Shares of domestic tire companies soared more than two-and-a-half times last year, with returns four times higher than those of global tire companies. Analysts believe that high margins, growth and cost competitiveness of Indian manufacturers have helped them perform well in the sluggish Indian automobile market.

Ceat, Apollo Tires & Balkrishana Industries It is the most liquid tire stock, topping global returns.

Based on this, domestic automakers have also done well. Five companies like TVS Motors, Atul, Tata Motors, Eicher Motors and Hero Motocorp are amongst the world’s leading automakers.

“While the business model of Indian tire suppliers has not changed structurally over the last few years as compared to their global counterparts, the coordinated approach adopted by local players during the period of weak raw material prices has transformed tire companies. “Basant Kumar Bansal, Director Finance, Balkrishna Industries.
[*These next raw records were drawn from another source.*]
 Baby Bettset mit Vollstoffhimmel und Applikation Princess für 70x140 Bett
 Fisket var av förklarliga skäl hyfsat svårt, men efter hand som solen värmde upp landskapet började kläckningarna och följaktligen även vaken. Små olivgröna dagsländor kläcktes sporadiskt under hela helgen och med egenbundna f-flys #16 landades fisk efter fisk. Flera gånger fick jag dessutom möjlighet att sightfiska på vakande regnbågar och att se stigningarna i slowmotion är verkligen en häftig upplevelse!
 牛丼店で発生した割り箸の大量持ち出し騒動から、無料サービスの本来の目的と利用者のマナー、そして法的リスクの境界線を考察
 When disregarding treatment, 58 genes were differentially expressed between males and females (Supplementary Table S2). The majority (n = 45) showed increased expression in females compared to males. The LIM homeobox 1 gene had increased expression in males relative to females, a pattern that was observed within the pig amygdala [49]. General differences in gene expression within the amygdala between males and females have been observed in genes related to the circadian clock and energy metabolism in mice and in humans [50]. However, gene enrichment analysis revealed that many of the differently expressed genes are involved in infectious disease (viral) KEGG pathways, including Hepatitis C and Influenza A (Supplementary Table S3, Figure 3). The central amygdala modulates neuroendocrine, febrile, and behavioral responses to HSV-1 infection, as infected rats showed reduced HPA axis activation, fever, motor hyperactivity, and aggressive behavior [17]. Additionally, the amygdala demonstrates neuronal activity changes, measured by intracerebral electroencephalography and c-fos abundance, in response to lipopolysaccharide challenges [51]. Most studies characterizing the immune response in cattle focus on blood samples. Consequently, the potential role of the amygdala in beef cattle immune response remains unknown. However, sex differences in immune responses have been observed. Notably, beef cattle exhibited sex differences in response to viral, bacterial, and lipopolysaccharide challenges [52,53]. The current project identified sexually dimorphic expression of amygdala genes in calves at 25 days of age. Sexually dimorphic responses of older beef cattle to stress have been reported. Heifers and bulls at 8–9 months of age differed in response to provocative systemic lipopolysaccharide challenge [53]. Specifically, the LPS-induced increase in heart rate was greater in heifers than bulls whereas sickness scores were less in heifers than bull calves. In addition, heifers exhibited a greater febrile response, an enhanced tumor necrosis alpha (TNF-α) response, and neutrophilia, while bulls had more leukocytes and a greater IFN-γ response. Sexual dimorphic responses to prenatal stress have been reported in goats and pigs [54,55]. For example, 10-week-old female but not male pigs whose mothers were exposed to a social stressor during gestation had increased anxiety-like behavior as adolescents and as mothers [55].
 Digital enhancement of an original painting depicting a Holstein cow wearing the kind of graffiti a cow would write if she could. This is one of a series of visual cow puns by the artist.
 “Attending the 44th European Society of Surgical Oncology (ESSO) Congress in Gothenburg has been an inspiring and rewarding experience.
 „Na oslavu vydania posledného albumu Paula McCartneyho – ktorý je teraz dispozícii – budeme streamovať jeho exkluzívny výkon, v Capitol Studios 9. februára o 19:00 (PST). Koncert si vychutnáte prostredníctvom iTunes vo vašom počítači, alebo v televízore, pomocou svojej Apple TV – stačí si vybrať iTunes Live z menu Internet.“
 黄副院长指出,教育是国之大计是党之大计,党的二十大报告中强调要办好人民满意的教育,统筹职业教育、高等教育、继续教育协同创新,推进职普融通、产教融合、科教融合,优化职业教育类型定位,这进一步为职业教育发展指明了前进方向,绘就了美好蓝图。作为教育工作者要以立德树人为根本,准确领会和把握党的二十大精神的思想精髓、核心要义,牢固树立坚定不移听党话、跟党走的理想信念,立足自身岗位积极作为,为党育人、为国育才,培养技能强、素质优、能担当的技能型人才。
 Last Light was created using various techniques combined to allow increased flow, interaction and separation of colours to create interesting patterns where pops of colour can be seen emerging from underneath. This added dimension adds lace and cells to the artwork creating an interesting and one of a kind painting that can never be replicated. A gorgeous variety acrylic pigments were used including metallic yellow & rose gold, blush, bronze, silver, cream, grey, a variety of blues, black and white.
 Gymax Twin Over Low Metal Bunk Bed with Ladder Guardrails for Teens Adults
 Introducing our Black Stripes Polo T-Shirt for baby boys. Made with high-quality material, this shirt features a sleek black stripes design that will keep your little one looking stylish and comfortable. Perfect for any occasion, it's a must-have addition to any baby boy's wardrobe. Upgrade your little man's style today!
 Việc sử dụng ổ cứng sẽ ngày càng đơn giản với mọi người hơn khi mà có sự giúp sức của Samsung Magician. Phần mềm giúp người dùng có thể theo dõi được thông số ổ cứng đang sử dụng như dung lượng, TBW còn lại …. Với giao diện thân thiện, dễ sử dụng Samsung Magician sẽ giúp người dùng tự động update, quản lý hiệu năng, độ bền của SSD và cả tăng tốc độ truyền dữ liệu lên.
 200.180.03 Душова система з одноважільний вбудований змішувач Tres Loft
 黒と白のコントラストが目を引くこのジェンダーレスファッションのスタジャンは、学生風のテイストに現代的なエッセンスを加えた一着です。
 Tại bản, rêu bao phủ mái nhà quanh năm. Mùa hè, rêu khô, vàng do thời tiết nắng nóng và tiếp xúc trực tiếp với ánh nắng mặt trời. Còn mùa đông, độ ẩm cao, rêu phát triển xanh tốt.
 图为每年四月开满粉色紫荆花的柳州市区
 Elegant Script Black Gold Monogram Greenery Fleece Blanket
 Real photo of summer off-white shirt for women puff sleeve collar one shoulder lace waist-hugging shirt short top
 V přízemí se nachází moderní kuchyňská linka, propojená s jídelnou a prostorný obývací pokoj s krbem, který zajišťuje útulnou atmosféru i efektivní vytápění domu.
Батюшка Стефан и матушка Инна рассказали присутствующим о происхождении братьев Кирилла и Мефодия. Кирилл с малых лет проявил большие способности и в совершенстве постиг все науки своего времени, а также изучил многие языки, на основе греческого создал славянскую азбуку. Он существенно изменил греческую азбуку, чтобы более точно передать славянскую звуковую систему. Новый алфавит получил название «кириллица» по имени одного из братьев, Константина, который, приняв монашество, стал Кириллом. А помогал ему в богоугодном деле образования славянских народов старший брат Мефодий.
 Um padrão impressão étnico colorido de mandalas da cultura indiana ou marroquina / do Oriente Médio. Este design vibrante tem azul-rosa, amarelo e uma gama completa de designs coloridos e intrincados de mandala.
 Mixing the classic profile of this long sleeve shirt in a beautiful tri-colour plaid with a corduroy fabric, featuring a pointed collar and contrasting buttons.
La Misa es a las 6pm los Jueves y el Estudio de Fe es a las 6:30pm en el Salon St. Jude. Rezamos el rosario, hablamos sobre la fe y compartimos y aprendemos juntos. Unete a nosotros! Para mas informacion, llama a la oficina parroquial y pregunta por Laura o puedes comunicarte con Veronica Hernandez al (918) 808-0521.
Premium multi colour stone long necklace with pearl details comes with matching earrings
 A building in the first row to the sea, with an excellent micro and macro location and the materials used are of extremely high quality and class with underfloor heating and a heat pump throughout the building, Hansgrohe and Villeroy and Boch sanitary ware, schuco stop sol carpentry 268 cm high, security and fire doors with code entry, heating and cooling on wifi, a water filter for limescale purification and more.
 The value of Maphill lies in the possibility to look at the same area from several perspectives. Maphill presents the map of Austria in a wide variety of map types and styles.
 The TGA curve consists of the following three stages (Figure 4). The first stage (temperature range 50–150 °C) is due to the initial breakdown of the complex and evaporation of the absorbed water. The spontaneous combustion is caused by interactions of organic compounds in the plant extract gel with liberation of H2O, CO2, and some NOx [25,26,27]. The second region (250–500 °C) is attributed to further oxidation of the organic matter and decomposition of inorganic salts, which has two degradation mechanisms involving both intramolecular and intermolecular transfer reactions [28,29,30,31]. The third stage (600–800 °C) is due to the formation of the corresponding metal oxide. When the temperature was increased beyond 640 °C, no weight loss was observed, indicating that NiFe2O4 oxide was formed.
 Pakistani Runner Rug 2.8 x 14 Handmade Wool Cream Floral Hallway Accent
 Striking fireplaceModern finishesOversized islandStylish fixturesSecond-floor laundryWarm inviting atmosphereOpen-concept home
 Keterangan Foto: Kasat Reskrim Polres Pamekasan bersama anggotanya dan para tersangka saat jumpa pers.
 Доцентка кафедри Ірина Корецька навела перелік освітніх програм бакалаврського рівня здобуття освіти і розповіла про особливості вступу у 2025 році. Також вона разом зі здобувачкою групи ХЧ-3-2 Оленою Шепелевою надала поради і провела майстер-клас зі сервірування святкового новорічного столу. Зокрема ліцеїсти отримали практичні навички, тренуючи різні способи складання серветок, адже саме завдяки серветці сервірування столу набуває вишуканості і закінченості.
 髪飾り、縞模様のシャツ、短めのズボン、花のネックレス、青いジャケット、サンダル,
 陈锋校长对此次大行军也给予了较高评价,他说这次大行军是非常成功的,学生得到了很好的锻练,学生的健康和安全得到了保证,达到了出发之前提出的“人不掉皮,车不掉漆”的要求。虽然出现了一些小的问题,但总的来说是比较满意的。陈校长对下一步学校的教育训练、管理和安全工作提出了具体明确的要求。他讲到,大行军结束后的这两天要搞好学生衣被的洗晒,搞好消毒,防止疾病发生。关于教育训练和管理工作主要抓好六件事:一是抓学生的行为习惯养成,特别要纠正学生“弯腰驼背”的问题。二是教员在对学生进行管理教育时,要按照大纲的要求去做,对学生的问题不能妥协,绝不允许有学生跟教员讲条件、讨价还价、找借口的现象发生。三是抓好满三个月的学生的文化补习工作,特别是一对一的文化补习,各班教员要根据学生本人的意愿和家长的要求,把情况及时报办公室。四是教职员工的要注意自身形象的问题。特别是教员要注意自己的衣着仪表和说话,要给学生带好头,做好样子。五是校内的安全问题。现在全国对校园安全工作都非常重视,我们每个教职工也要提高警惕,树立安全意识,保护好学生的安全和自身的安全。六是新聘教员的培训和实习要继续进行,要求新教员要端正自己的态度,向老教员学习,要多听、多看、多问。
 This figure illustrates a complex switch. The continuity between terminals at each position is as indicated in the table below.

He expects tire makers to become more profitable as the economy improves, which will also benefit the auto industry. A local fund manager, who wished to remain anonymous, listed three reasons for the performance of the domestic tire industry: valuations, foreign exchange impact and significantly higher margins. According to him, just before this rally, some Indian tire stocks were trading at two to three times their annual revenues, while Apollo was trading at five to six times its annual revenues. Analysts said, “Stocks in the sector are gradually being re-rated after the Apollo Tyres-Cooper Tyres deal was put on hold, with slowing commodity prices widening margins by 200-400 basis points.”

Over the last year, Ceat shares have risen around 389%, Apollo Tires shares have risen 217% and off-road tire maker Balkrishna Industries shares have risen 206%.